Há Tanto Tempo que Te Amo

Il y a Longtemps que Je T'Aime, 2008
Phillipe Claudel

Devastador talvez seja um bom termo para definir esse drama de Phillipe Claudel. Há Tanto Tempo que Te Amo é um verdadeiro turbilhão de emoções que poderia, facilmente, descambar para um melodrama choroso, mas que acaba sendo justamente o oposto: sóbrio, sereno e profundamente verdadeiro ao tratar de temas como culpa, remorso, solidão, e, acima de tudo, amor - de tia para sobrinha, de irmã para irmã e principalmente de mãe para filho.
Claudel tem em suas mãos um trunfo chamado Kristin Scott-Thomas, provavelmente no melhor desempenho de sua carreira (o que não é pouco), surpreendendo ao atuar em francês, entregando uma personagem que é a complexidade em estado bruto: autora de um ato terrível, julgada e condenada, em busca de um recomeço (ainda que forçado), uma figura solitária, triste, melancólica, e ainda assim dotada de um amor imenso por todos aqueles que a cercam, mesmo que um amor reprimido. Dentre as tantas injustiças do último Oscar, o esquecimento de Scott-Thomas como melhor atriz é dos mais graves. Claudel utiliza-se desse seu grande trunfo sem nenhuma vergonha, dando a Scott-Thomas a oportunidade de tomar conta do filme completamente. Mas, ainda assim, abre espaço para o arrebatador e comovente desempenho de Elsa Zylberstein, perfeita como a jovem e insegura irmã da protagonista.
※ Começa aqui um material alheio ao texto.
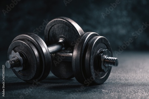 © lumpia, Naklejka premium Two dark dumbbells on a dark surface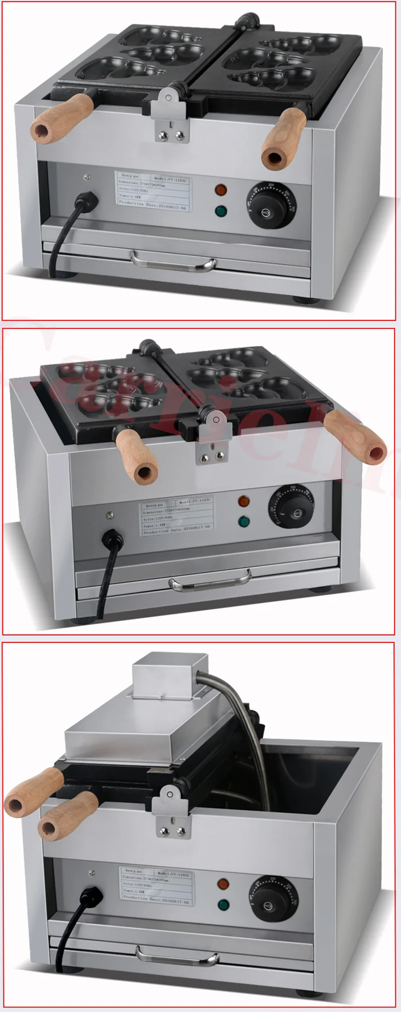 Directly Factory Price CE Approved 220V Commercial 6pcs Defecate Waffle Maker Custom Plate Defecate Shape Waffle Maker Machin
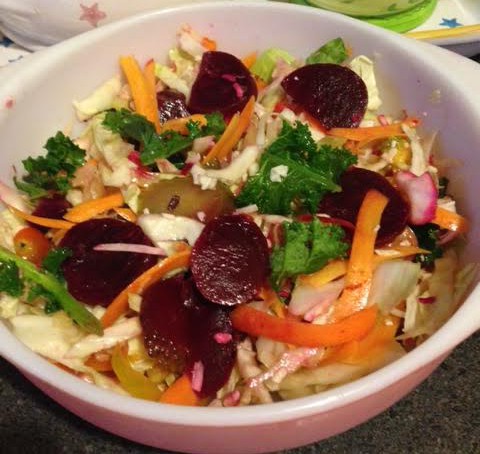 This is the first Summer salad made with ALL ingredients from the Cottage City Community Garden. Denise picked these items earlier this week.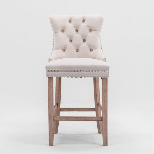 Contemporary Velvet Upholstered Barstools with Button Tufted Decoration and Wooden Legs, and Chrome Nailhead Trim, Leisure Style Bar Chairs,Bar stools, Set of 2 (Beige)

As duas, juntas, como duas irmãs inseparáveis, conduzem a narrativa de Há Tanto Tempo que Te Amo com brilhantismo, até sua inesperada revelação final.
Esta que é, ao mesmo tempo, o único porém do filme e também a constatação final de sua grandeza. É um porém pois parece, ao menos num primeiro olhar, uma tentativa de absolver a personagem de Scott-Thomas de seu grande pecado, o que me parece, àquela altura, desnecessário, e mesmo simplificador da complexidade da personagem. No entanto, tal revelação dá também um novo significado ao já citado amor que move aquela figura, o que não diminui, pelo contrário, aumenta o fascínio que esta gera no espectador. E a forma como Claudel encerra seu filme, com aquele "estou aqui", talvez seja uma forma sintética e madura de nos dizer o verdadeiro significado das coisas para aquela mulher, e também sugerir o que começará a partir dali para ela. E é aí que Há Tanto Tempo que Te Amo confirma o quanto devastador, e bonito, é.
À Deriva
À Deriva, 2009
Heitor Dhalia

Belo e delicado olhar sobre as descobertas da adolescência é esse À Deriva. E é também mais um admirável trabalho do eclético Heitor Dhalia. É um filme extremamente simples, com uma proposta bem clara e direta, mas que chega até ela por um caminho bastante acertado: trata-se de um relacionamento em frangalhos, chegando ao seu final, mas não se julga nenhum dos lados, foge-se de soluções e justificativas fáceis, tratando-se os personagens de Vincent Cassel (excelente, e saindo-se muito bem com o português) e Deborah Bloch (que cresce bastante durante a narrativa) com enorme honestidade e carinho - e mesmo a busca pelas motivações para o fim do casamento dos dois é realizada com imensa naturalidade, com cuidado, também aqui escapando-se de um julgamento prévio de suas personalidades baseando-se simplesmente no que é visto pelo espectador, como acaba fazendo a filha do casal; trata-se também, e principalmente, de uma jovem garota (a ótima Laura Neiva), mimada, descobrindo algumas facetas da vida adulta, mas Dhalia não desmerece a ingenuidade e a falta de tato de Filippa, pelo contrário, mesmo lamenta-se essa perda de inocência que esse contato com o mundo adulto promove, realizando uma espécie de ode à infância.
É nessa quebra de expectativas, ruptura com caminhos esperados que À Deriva se estrutura, mesmo que trate a todo tempo com clichês. Existem problemas, alguns diálogos soam artificiais e as participações de Cauã Reymond e Camilla Belle parecem desnecessárias. Mas a delicadeza do olhar de Dhalia encanta, e sua melancolia, que acaba sendo talvez o único elo de À Deriva com seu trabalho anterior, o espetacular O Cheiro do Ralo, bate fundo em quem o assiste.